# London calling



## Pete W (Nov 12, 2016)

Hello!

I am a lapsed audio visual performer based in London, re emerging after six years out bringing up kids! I am exploring wonderful world of multi media projections again! I sense there is a lot of experience in here, looking forward to learning and sharing anything useful i have picked up along the way. Slide projection is currently my interest and i am re-imaging multi projector programming in my own slightly mixed up way with lots of vintage gear.


----------



## RonHebbard (Nov 12, 2016)

Pete W said:


> Hello!
> 
> I am a lapsed audio visual performer based in London, re emerging after six years out bringing up kids! I am exploring wonderful world of multi media projections again! I sense there is a lot of experience in here, looking forward to learning and sharing anything useful i have picked up along the way. Slide projection is currently my interest and i am re-imaging multi projector programming in my own slightly mixed up way with lots of vintage gear.

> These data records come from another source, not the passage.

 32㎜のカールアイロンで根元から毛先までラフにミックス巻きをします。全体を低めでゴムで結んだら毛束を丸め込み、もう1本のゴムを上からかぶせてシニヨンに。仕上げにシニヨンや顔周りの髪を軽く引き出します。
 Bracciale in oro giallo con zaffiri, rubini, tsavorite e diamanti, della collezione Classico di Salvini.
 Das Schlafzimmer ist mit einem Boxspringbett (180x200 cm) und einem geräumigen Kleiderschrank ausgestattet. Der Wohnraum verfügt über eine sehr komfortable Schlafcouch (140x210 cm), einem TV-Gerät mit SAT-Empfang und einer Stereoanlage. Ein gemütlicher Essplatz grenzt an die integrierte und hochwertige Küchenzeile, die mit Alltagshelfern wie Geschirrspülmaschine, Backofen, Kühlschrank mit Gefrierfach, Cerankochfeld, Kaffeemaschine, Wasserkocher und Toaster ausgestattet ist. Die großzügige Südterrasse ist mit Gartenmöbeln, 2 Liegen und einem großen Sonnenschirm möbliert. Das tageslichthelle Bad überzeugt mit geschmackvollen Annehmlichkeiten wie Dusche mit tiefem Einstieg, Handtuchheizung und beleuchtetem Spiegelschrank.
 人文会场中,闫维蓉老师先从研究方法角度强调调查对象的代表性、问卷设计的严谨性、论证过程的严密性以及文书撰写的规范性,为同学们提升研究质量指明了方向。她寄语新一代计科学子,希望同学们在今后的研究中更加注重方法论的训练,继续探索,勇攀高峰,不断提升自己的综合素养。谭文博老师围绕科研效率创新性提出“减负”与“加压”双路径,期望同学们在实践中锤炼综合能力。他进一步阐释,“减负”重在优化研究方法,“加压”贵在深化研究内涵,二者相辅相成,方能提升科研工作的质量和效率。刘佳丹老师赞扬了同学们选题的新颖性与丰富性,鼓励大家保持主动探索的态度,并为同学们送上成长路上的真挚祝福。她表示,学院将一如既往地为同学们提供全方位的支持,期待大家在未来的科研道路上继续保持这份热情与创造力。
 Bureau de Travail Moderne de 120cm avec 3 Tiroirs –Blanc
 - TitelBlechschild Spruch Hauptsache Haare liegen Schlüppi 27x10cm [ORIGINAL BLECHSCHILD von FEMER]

Welcome to CB and are you speaking of 2" x 2" slides or something larger? I still have a collection of ten Kodak Carousels along with at least 32 lenses including Navatar and Tamron 1" and Buhl 1.4" along with a pair of AVL Coyote 3 projector dissolves. A stroke ruined my vision before I progressed into the 'dark side' of video projection.
Should I assume your "London" is in the U.K.? I spent a month loading the inaugural British production of the rock musical 'Tommy' into your Shaftesbury back in 1996.
I'm writing from one of the colonies known as Canada.
Toodleoo!
Ron Hebbard


----------



## Pete W (Nov 12, 2016)

Hello Ron!
I am in London U.K. I love Canada! My wife's family live in Toronto and i get to go there every other year. 
Yes 2"x2" slides. Funnily just picked up a Coyote and am getting my head round it. I use Kodak S-AV series projectors (very old school) as i can't afford the Ektapro's!


----------



## RonHebbard (Nov 12, 2016)

Pete W said:


> Hello Ron!
> I am in London U.K. I love Canada! My wife's family live in Toronto and i get to go there every other year.
> Yes 2"x2" slides. Funnily just picked up a Coyote and am getting my head round it. I use Kodak S-AV series projectors (very old school) as i can't afford the Ektapro's!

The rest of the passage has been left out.